Cuando estabas mal, cuando lo ves todo negro, cuando no tienes futuro, cuando no tienes nada que perder, cuando.. Cada instante es un peso enorme, insostenible. Y resoplas todo el tiempo. Y querrías liberarte como sea. De cualquier forma. De la más simple, de la más cobarde, sin dejar de nuevo para mañana este pensamiento: "Él ya no está". Ya no está. Y, entonces simplemente, querrías no estar tampoco tú. Desaparecer. Paf. Sin demasiados problemas, sin molestar. sin que nadie tenga que decir "Oh, te has enterado?" Sí, precisamente él. No sabes cómo ha sido.
Pero una cosa es cierta: no te preguntarás nunca a dónde ha ido a parar la paloma.

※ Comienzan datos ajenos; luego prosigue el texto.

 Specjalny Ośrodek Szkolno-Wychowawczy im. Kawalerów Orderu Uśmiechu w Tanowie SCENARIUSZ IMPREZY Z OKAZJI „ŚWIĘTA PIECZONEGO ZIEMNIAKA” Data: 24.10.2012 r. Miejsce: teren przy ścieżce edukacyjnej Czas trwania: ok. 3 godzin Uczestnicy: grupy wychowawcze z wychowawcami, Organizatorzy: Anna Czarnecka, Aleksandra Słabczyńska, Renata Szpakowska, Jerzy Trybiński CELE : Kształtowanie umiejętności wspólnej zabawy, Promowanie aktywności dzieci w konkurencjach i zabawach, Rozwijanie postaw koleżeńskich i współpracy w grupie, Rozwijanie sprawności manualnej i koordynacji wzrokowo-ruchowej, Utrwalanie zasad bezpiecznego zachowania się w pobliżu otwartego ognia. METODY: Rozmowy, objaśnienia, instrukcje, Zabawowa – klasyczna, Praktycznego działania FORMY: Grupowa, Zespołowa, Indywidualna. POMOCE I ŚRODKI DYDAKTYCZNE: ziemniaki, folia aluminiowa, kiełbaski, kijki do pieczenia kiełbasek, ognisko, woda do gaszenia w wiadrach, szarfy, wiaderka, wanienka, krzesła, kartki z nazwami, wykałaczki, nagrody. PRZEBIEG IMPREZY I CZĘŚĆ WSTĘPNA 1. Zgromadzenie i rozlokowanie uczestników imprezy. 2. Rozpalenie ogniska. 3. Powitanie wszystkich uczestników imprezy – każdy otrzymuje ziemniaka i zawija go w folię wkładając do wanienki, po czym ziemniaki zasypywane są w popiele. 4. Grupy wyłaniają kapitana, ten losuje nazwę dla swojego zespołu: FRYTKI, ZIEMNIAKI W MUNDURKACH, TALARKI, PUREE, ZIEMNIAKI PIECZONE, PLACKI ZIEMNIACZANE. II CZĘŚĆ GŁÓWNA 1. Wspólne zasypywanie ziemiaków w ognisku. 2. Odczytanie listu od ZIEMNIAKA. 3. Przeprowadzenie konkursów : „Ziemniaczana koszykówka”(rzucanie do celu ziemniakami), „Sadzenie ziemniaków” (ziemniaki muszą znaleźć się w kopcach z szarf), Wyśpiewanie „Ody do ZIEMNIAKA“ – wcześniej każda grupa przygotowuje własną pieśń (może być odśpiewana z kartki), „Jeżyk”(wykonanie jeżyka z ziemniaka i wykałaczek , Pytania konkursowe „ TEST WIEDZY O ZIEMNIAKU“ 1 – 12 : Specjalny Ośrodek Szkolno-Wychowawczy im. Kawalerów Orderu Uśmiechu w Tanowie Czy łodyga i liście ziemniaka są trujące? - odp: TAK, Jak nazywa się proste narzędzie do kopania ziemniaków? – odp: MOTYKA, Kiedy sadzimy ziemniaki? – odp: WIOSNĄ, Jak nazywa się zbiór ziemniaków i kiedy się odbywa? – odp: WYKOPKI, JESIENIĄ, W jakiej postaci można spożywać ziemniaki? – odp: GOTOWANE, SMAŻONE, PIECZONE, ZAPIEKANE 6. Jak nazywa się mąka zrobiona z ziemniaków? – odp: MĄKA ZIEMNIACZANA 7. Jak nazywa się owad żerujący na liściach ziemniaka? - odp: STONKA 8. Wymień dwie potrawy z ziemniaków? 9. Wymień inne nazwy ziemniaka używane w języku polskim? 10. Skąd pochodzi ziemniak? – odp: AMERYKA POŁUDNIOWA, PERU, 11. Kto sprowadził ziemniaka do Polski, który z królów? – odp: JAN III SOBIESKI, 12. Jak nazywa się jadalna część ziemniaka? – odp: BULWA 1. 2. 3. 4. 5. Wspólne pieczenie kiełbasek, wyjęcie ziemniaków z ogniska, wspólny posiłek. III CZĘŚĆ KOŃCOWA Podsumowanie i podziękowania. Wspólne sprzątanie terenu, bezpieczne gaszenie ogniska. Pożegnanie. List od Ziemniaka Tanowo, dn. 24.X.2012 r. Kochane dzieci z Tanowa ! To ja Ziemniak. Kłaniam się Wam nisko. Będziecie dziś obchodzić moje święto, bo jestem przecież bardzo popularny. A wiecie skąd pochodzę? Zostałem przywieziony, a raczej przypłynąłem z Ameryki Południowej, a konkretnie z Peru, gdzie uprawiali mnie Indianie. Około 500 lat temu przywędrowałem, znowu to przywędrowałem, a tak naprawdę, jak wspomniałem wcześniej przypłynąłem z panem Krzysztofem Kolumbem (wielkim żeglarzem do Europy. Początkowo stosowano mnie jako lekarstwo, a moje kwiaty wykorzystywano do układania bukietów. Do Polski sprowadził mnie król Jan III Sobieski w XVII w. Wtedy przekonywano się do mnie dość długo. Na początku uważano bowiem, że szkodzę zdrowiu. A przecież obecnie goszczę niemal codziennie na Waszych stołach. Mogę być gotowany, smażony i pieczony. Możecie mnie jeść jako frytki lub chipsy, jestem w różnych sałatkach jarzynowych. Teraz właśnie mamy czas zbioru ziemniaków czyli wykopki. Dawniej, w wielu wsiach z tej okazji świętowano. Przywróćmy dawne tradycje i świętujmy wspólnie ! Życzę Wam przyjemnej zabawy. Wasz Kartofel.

En cambio nosotros no podemos desaparecer tan fácilmente. Ha pasado el tiempo. Y ahora saboreo sus labios. Y acordándome de cuanto me hubiera gustado ser esa paloma, sonrío, y me siento un poco avergonzada.
Se marcha, pero antes de irse sonríe de nuevo. Se vuelve una última vez hacia mí antes de marcharse. Me mira, ojos verdes. Estiró los brazos. Esta vez soy yo quien sonríe. Él es el amigo que perdí hace dos años. Escucha en silencio. Cómo lo conocí, como empecé a reír, cómo me enamoré, cómo le eché de menos. Sólo adviertes la maravilla de un amor cuando ya lo has perdido. La noticia le ha echo olvidarse de todo. Mi relato no tiene precio. Días inútiles para que descanse mi cabeza, mi corazón.